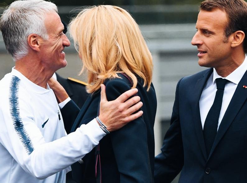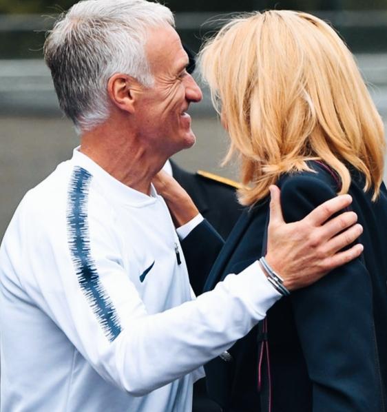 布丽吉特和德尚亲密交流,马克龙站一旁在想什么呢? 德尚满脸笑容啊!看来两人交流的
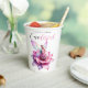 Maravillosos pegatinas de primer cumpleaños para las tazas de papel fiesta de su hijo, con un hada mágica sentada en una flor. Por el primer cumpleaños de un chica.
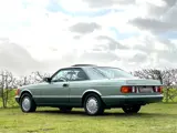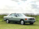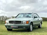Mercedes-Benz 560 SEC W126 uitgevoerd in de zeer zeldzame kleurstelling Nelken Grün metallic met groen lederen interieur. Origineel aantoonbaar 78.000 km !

============

> [What is expected] Retype everything in the material word for word, minus pictures.

> [Answer box]
 布丽吉特和德尚亲密交流,马克龙站一旁在想什么呢? 德尚满脸笑容啊!看来两人交流的
 Maravillosos pegatinas de primer cumpleaños para las tazas de papel fiesta de su hijo, con un hada mágica sentada en una flor. Por el primer cumpleaños de un chica.
Mercedes-Benz 560 SEC W126 uitgevoerd in de zeer zeldzame kleurstelling Nelken Grün metallic met groen lederen interieur. Origineel aantoonbaar 78.000 km !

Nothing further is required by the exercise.